■ **Problem to solve**
Everything below from the line with "Floating Shelves 30" through the line with "For sale from" should be copied exactly, and nothing else; leave out the pictures.

■ **Data extract**

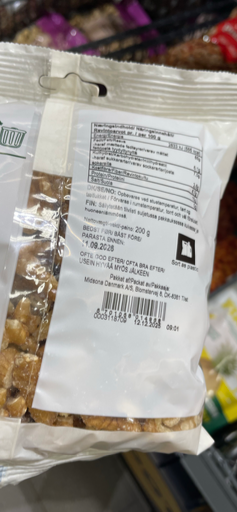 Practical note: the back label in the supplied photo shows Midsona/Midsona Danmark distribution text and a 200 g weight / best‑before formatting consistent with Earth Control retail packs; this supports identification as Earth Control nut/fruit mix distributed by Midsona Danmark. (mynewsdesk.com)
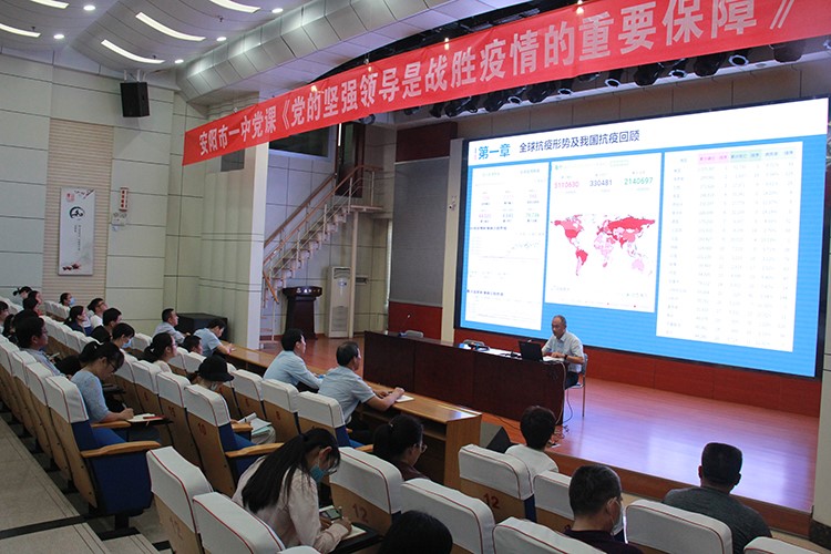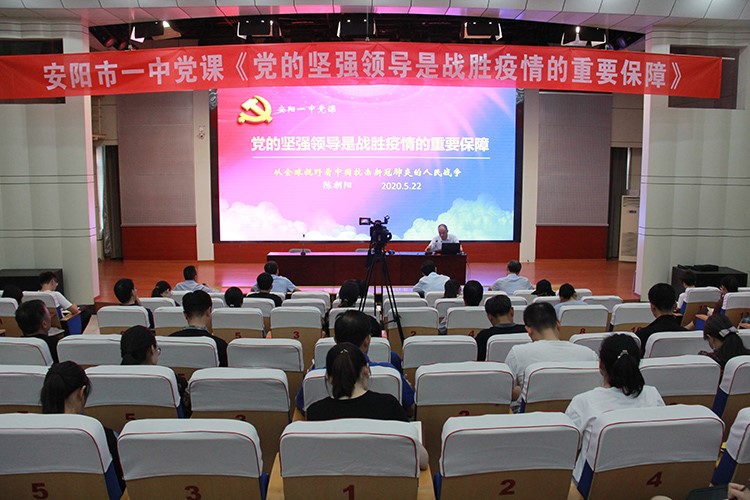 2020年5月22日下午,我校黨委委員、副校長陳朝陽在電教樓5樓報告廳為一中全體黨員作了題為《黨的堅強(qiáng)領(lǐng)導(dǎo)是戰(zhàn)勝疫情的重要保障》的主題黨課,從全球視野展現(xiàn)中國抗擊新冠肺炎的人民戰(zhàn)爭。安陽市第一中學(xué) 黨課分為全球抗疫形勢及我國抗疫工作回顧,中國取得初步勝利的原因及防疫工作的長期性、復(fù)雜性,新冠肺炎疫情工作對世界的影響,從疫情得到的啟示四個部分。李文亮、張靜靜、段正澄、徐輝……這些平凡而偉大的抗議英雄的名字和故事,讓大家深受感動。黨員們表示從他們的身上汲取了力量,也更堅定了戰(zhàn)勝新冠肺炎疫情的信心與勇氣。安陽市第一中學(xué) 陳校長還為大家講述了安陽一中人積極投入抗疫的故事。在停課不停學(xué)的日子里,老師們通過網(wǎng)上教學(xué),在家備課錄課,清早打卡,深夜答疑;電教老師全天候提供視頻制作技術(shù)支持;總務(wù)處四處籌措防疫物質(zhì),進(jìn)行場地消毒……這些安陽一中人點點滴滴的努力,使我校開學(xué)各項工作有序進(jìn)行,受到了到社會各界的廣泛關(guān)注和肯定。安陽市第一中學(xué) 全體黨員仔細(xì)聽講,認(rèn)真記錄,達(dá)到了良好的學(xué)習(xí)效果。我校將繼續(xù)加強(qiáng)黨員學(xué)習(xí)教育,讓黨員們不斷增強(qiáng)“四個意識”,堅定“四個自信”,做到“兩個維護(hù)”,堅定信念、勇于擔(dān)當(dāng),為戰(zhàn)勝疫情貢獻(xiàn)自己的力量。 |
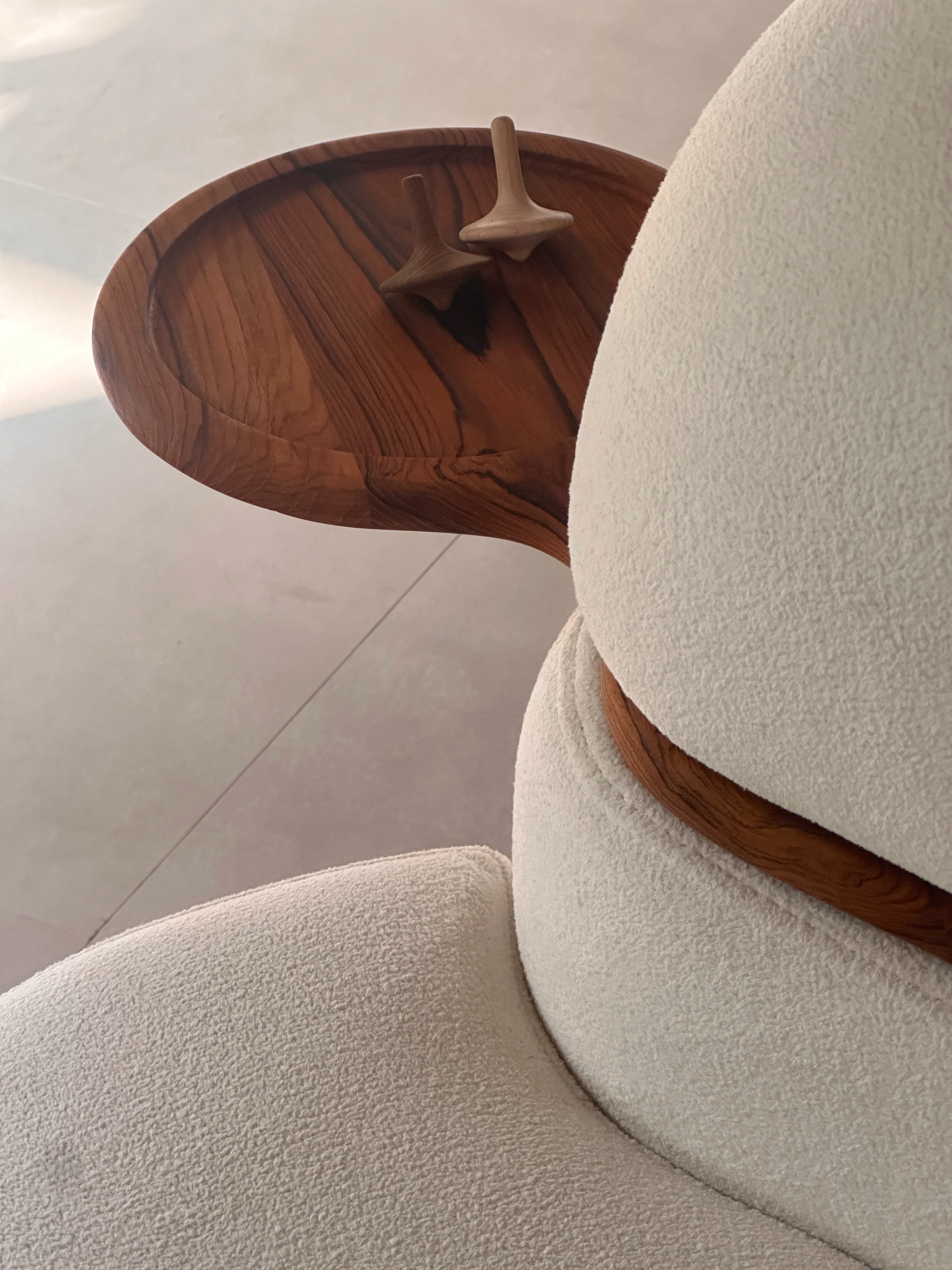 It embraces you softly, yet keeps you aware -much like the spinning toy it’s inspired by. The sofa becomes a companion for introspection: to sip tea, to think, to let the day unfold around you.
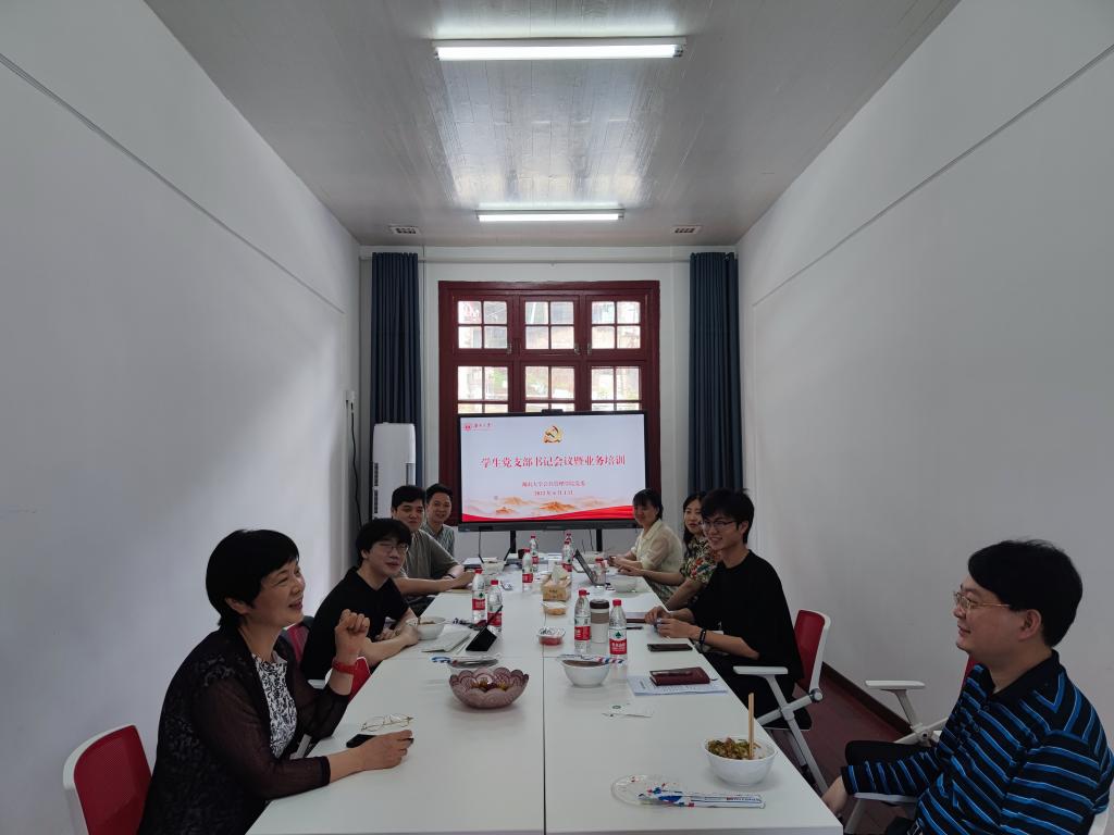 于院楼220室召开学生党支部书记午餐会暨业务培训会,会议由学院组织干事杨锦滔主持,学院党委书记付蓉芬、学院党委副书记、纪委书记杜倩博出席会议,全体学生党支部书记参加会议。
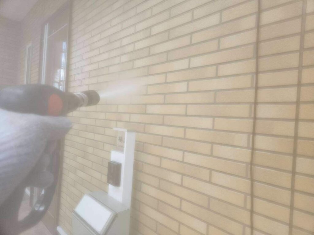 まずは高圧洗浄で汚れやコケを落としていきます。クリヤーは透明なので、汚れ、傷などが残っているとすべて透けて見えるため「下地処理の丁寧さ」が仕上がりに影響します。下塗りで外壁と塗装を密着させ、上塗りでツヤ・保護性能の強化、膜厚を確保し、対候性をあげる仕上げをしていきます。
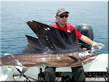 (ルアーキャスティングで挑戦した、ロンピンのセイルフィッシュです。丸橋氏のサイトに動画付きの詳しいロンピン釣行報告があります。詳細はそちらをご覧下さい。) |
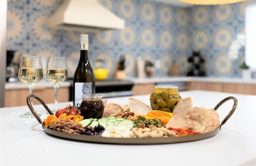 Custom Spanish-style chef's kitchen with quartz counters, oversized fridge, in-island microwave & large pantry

...

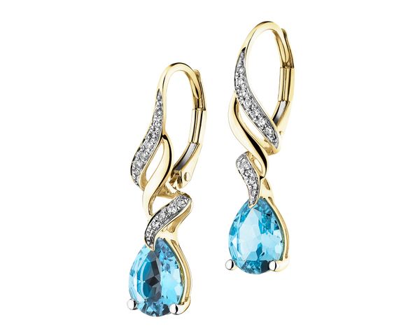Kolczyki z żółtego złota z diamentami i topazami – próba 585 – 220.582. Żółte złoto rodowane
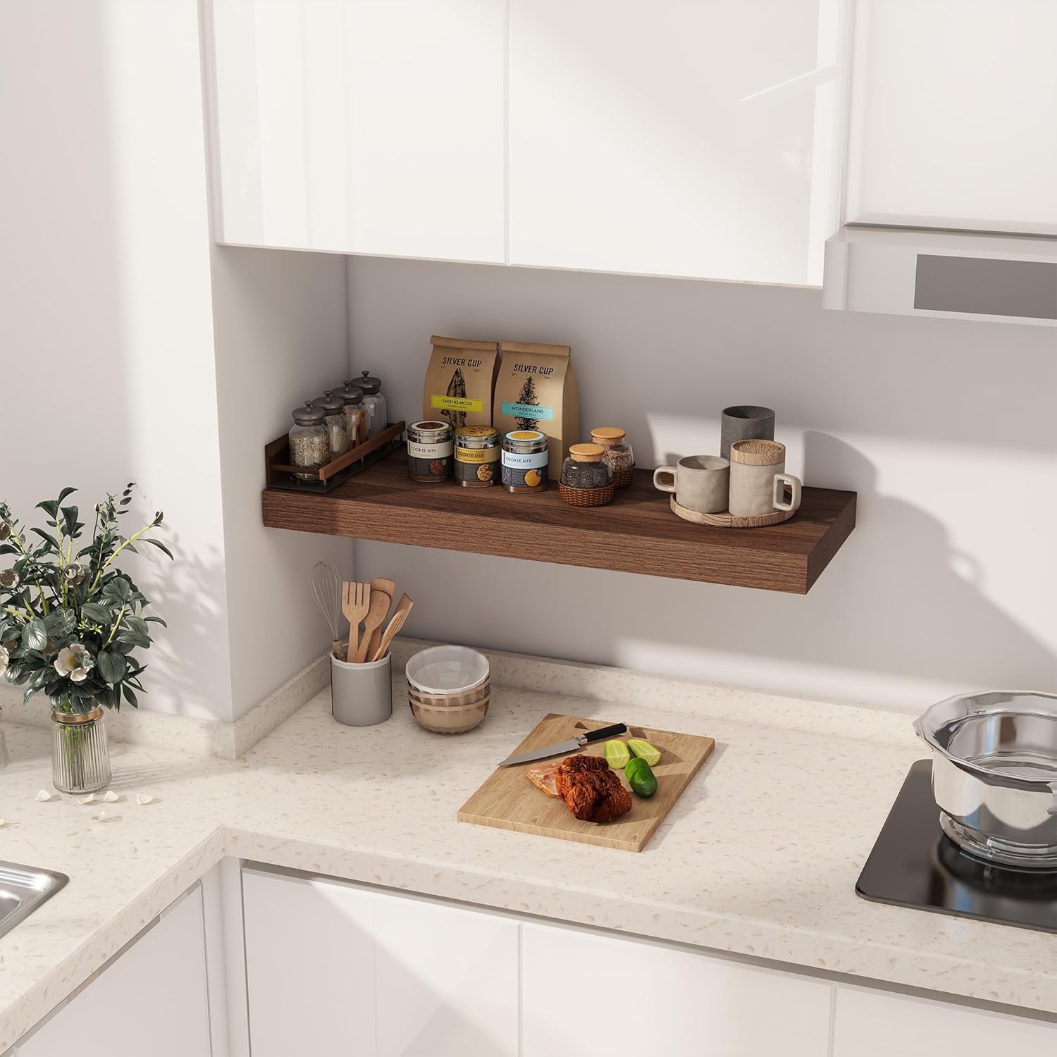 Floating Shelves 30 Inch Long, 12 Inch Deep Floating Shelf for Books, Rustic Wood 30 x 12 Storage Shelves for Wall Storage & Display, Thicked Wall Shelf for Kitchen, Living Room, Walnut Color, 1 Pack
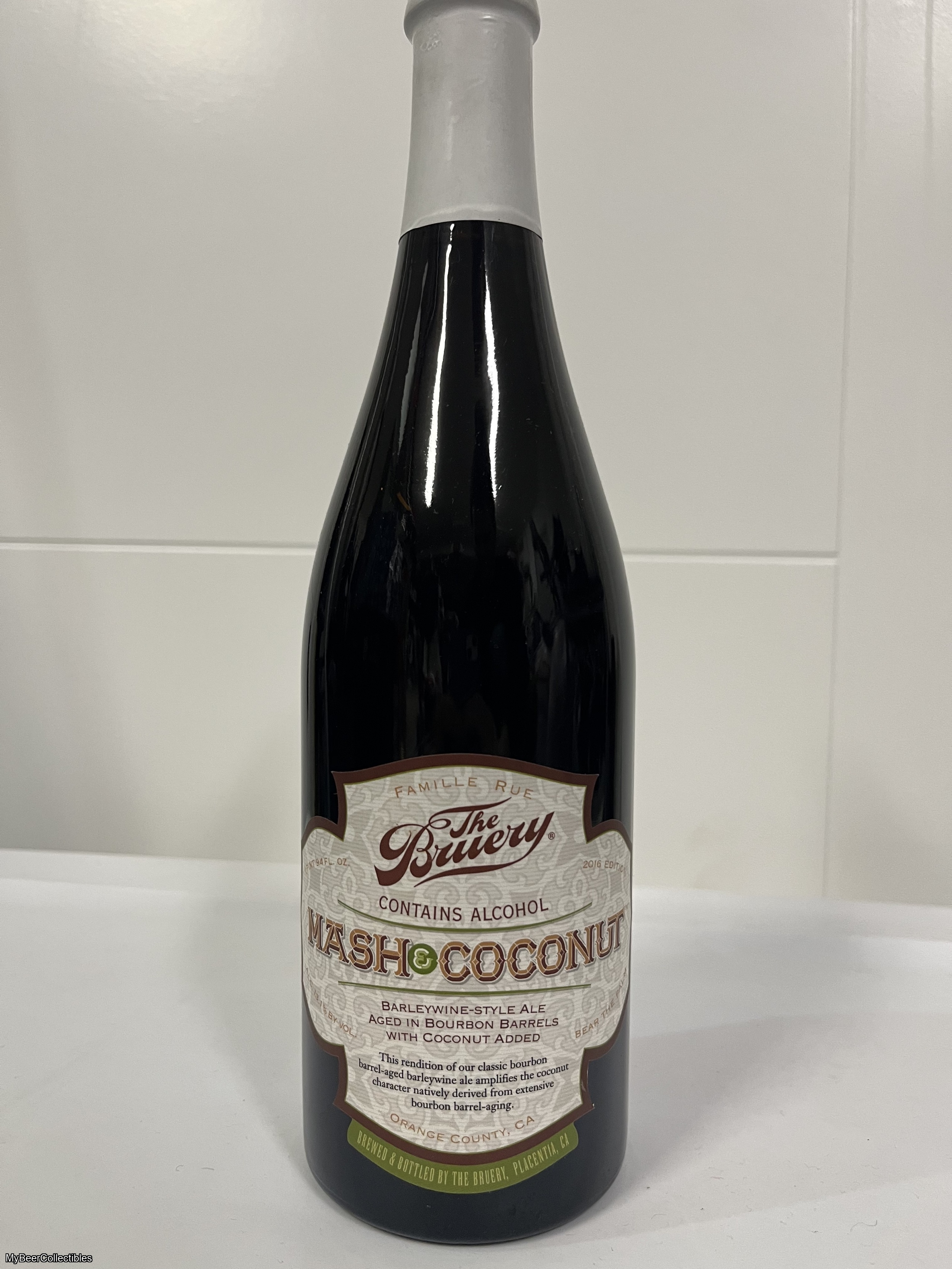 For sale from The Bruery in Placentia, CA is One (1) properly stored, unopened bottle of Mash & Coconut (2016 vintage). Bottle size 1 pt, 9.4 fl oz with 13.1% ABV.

--

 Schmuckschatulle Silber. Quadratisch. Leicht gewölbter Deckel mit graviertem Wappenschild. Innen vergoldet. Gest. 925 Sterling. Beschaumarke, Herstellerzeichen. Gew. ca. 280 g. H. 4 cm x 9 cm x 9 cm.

■ **Result**
 Floating Shelves 30 Inch Long, 12 Inch Deep Floating Shelf for Books, Rustic Wood 30 x 12 Storage Shelves for Wall Storage & Display, Thicked Wall Shelf for Kitchen, Living Room, Walnut Color, 1 Pack
 For sale from The Bruery in Placentia, CA is One (1) properly stored, unopened bottle of Mash & Coconut (2016 vintage). Bottle size 1 pt, 9.4 fl oz with 13.1% ABV.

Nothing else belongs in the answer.